Julie Cidell’s (University of Illinois) analysis in the most recent edition of Transactions of the Institute of British Geographers both acknowledges resurgent interest in transport geography and explores a contentious recent episode in CN’s expansion into the United States. In late 2007, CN approached US Steel with an offer to purchase Elgin, Joliet, and Eastern (EJ&E), a vital connector railroad network in Chicago. Similar in scope to Boston’s (in)famous ‘Big Dig’, the EJ&E was constructed to increase transport efficiency in one of the United States’s busiest railroad centres. As is often the case in densely populated areas, local residents protested against CN’s plans to increase railroad traffic from an estimated five trains per day to nearly thirty trains per day (pp. 598-601).

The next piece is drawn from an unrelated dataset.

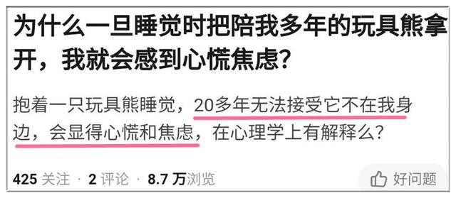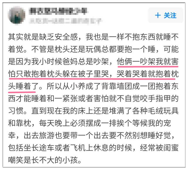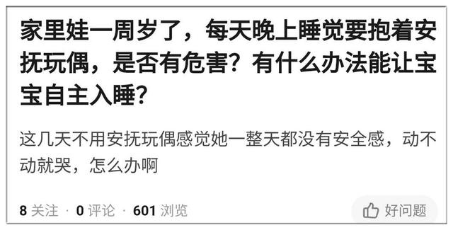 养娃那些年,妈妈们盘点过各种让自己头疼的育儿问题,而这些问题其中很多都和孩子的睡眠有关:有的孩子睡眠浅,稍微有点动静就醒了,有的孩子一瞌睡就又哭又闹不停歇,还有的孩子睡觉必须抱着毛绒玩具,否则就跟要了他亲命似的,不依不饶闹不停…… 今天我们就来讨论下,孩子睡觉必须抱毛绒玩具这事,很多家长的第一反应就是:这个习惯不好,一定要尽早给孩子"掐掉";还有的家长担心孩子总是依恋某个玩具是不是有"恋物癖",或者说安全感缺失。 由于怀疑孩子此类行为与心理问题有关,所以不少家长担心得不要不要的,经常有妈妈因此上网求助。 其实,孩子们在日常生活中沉迷于某个物品的情况并不少见。有的孩子偏好毛绒玩具,有的孩子却喜欢毛毯、抱毯、枕头,还有的孩子喜欢某件衣服或者某条小毛巾。 一些孩子可能就是睡觉时必须抱着某个玩偶,一些孩子是走到哪里都会把玩偶带到哪里,真正是形影不离,一旦分开,就会哭闹不止。 那么,孩子的这种行为是不是某种心理疾病引起的呢?孩子这种对某个物体特别依恋的现象,在心理学上有一个专业名称,叫:过渡性客体现象。 在养育孩子的过程中,我们会发现,孩子的行为特点会随着他们年龄的增加而发生改变。比如孩子处于2-3月龄的婴儿期时,他还没办法移动自己的身体,这时候孩子每天最乐此不疲的事就是吸吮自己的手指头。 等过了4-6月龄后,孩子的行为能力逐渐发展,他开始抬起身体到处看、爬来爬去到处触碰,他能接触的事物不断扩展。这时候他们不再局限于只是吸吮自己的手指,他们开始偏好于一些感觉柔软,又带有熟悉气味的物品。比如我们刚才列举的毛绒玩具、抱毯、枕头、毛巾等,而这些物品就是心理学上所说的 "过渡性客体"。 著名的心理学家温尼科特通过对6万对母婴的咨询,以及大量临床经验,他总结出:"这些过渡性客体在某一阶段替代了母亲的作用,是儿童心理发展的需要,对儿童发展是必须的,具有积极的作用。" 这个过渡性客体并不是任何人强加给孩子的,它是孩子自己去发现、去创造出来的,当孩子逐渐长大,他发现他和妈妈并不是一体,于是他通过自我发现和创造探寻得一过渡性客体,这个物品对于孩子来说象征着妈妈的爱,也连接着妈妈的爱。这时候,孩子已经明白,妈妈不是自己的东西,我控制不了她。但过渡性客体不同,它是属于我的,它可以实现在妈妈身上实现不了的愿望,因此,孩子把对妈妈的爱一部分转移到了它身上,过渡性客体在孩子心里就占据了非常重要的地位,甚至成为了儿童"几乎无法切割的一部分"。 由于过渡性客体对儿童的重要性,理解孩子心理的妈妈不会轻易去清洗那条与孩子形影不离的毛巾、毯子,也不会随意更换"陪睡"的毛绒玩具,因为改变了这些过渡性客体的外貌或者气味,都会伤害孩子的内心发展过程。 让家长们欣慰的是,只要家长不过度打扰孩子,他们对过渡性客体的依恋就是"过渡性"的,随着他们的日渐成长,他们就会慢慢遗忘那些曾经与他们难分难舍的物品,并且毫不留恋。 但是,如果家长发现了孩子依恋某物品,却因为不理解而强行将这类物品从孩子身边剥离,反而会延长孩子依恋过渡性客体的时期。过度打扰往往会让一些孩子将这个时期延长,这也就是一些人即使已成年,也还会因为缺少过渡性客体而心慌焦虑的根本原因。 当然,也有的孩子因为童年时期遭遇了一些不幸,造成心理创伤、安全感缺失,他们也会一直依恋某物品,借此寻求心理慰藉。 总之,心理健康,取决于个体的心理感受,我们不能因为自己的不理解就无端猜测或强制干预,尊重孩子的感受更重要。如果这个过渡性客体能给孩子带来安全感,让他感觉舒服、安心,那就让这个物品陪伴在孩子身边吧,让孩子自己来决定那个和它们分离的时刻。 ) W* M C4 F3 D

Cidell’s article is an excellent definitional source, explicating how planning officials understand ‘sky’, ‘airspace’, and Cidell’s own variant: ‘trainspace’ – the legal, safety, and geographical environment surrounding the trains, railroad tracks, and properties. The author seeks to explore how trainspaces interact with other spaces, including (perhaps most notably) national space.

Although the United States and Canada are traditionally extraordinarily close allies, CN’s ambitious proposal catalysed highly defensive reactions from US residents. Although those affected by the suggested changes cited noise, smog, and other intrusions, a principal concern was that a foreign corporation wanted to manage a vital American trainspace. Although CN officials were quick to point out that US employees could benefit from the company’s proposal, legitimate concerns were repeatedly raised over how the acquisition of US railroads by a Canadian firm would benefit any actors other than Canadian interests. Ciddell’s article provides an exciting framework to model other air- and trainspace conflicts throughout the world.

W L Grant, 1911, Geographical Conditions Affecting the Development of Canada, The Geographical Journal 38 362-74.

Julie Cidell, 2012, Fear of a Foreign Railroad: Transnationalism, Trainspace, and (Im)mobility in the Chicago Suburbs, Transactions of the Institute of British Geographers 37 593-608.